Update Sept 2021: Since this project is part of homework in Carnegie Mellon University 10701 course Intro to Machine Learning (PhD) and future versions of this course may have similar homework, the code for this project should not be made public. Hence the python script is removed. Sorry for the inconvinience.
- Name: Lunar Lander II, OpenAI Gym Reinforcement Learning Project
- Author: Yutian Wang
- Date: April 2021
- Version: v1.0
This is a project aiming to solve the Lunar Lander v2 reinforcement Learning problem privided by OpenGym AI.
In the Lunar Lander V2 environment, we aim to automate the landing process of a lunar lander. The lander has three boasters: a main boaster which fires downward to slow the landing, and two "side boasters" (one on left and one on right) that help adjust the position of the lander. The whole simulation is 2-dimensional.
The lunar land, as the real Moon surface, is not flat and has different and different shapes. The shape of the lunar surface differs in each round. The surface is visible to the player or the lander. There are two flags on the lunar surface, and our aim is let the lander land within the area between these two flags. The landing fails either if the lander land outside of the area between the flags or crash.
Below is a frame from the example video.
More detailed information about the environment can be found here.

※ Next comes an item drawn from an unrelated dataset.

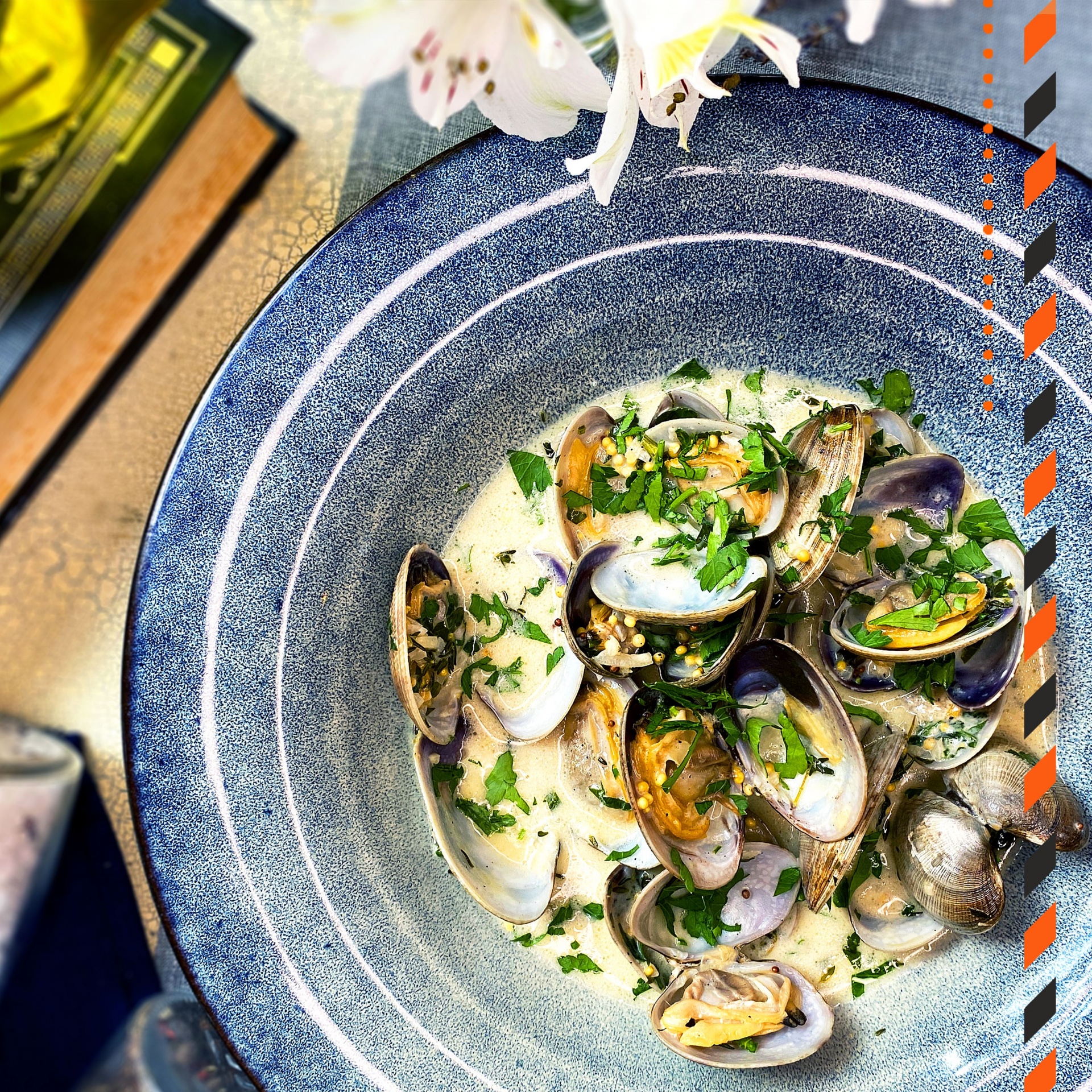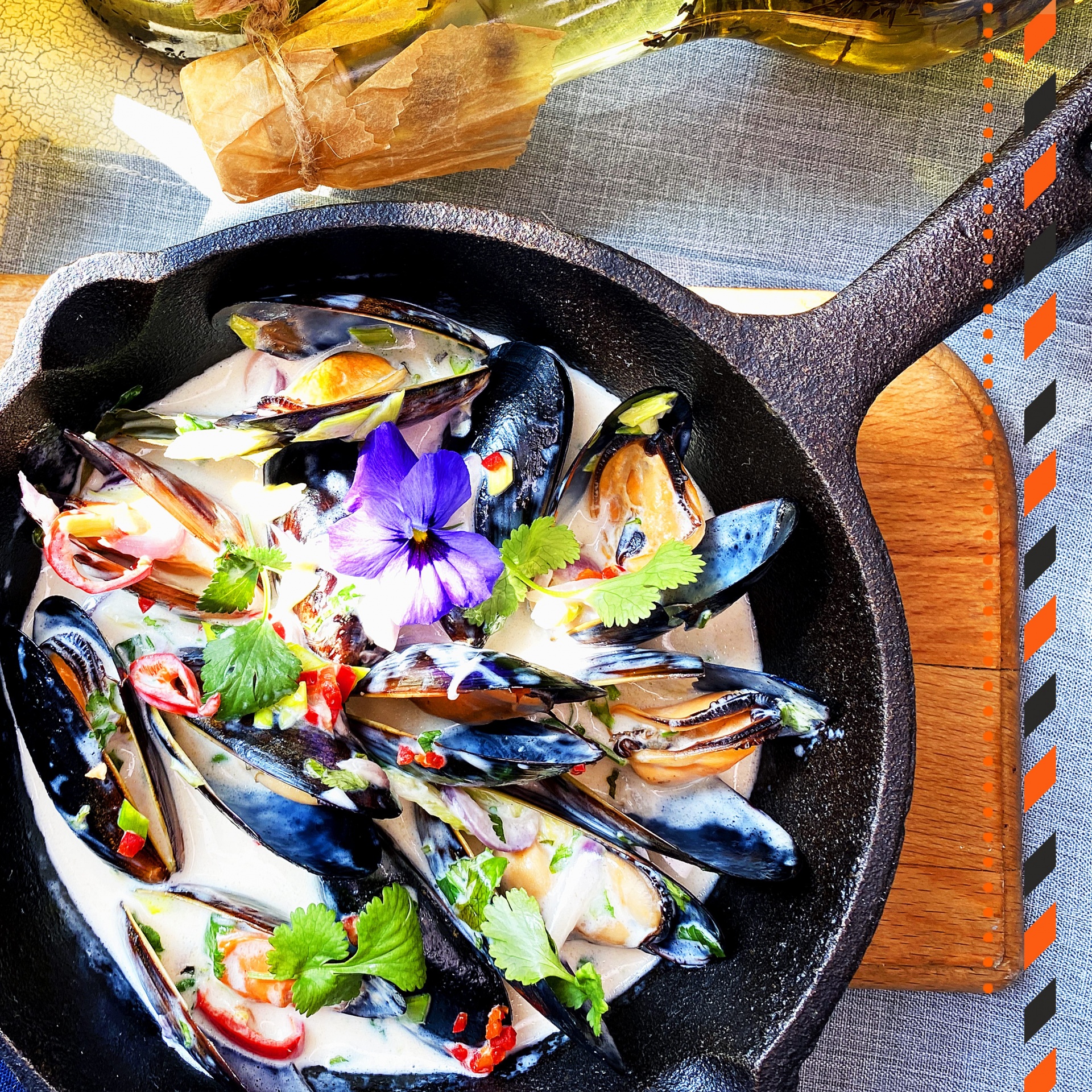 - Мидии в створках в белом соусе с сельдереем, чили перцем и кинзой.
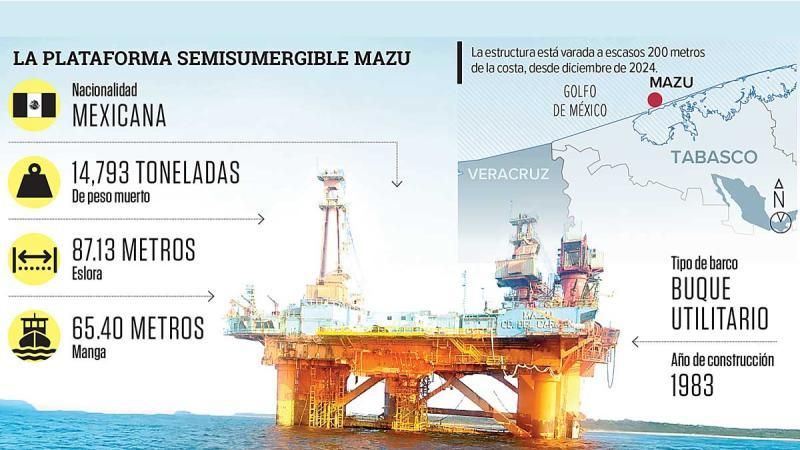A más de un año de haber encallado frente a las playas del ejido San Rafael, en la zona costera del municipio de Cárdenas, Tabasco, la plataforma semisumergible Mazu continúa representando una seria amenaza al medio ambiente y una que también atenta contra la economía de los pescadores del lugar.

This project used the REINFORCE algorithm to train the automate lander and do reinforcement learning. REINFORCE is a policy gradient algorithm, and more specifically, in this case, at each time step, the lander can fire any of the three boasters.
We want to train an algorithm that decide which engine(boaster) to fire up at each time step. We build a deep neural network to help make that decision and do the training. In each trail, we calculate the reward as specified in the environment description and compute the cost (see function compute_expected_cost), and do back-tracking gradient descent on the neural network architecture we built and updates the weights accordingly. We kept training for 5000 trails for over 6 hours until the reward converges.
We run our trained automated lander for another 100 times and it landed successfully for 94 times. So it reached an successful rate of 94%.
- README.md: this file.
- reinforce.py: Python model building and training file. (Removed)
- mypolicy.pth: the file contains the trained weights for the neural network.
- lunarlander2.png: a picture used in this file for illustration purpose.
This project is a project homework in 10-701 Introducion to Machine Learning in Carnegie Mellon University. Special thanks to the Professors and TAs for teaching this course, designing this assignment, providing the starter code and debuggging help.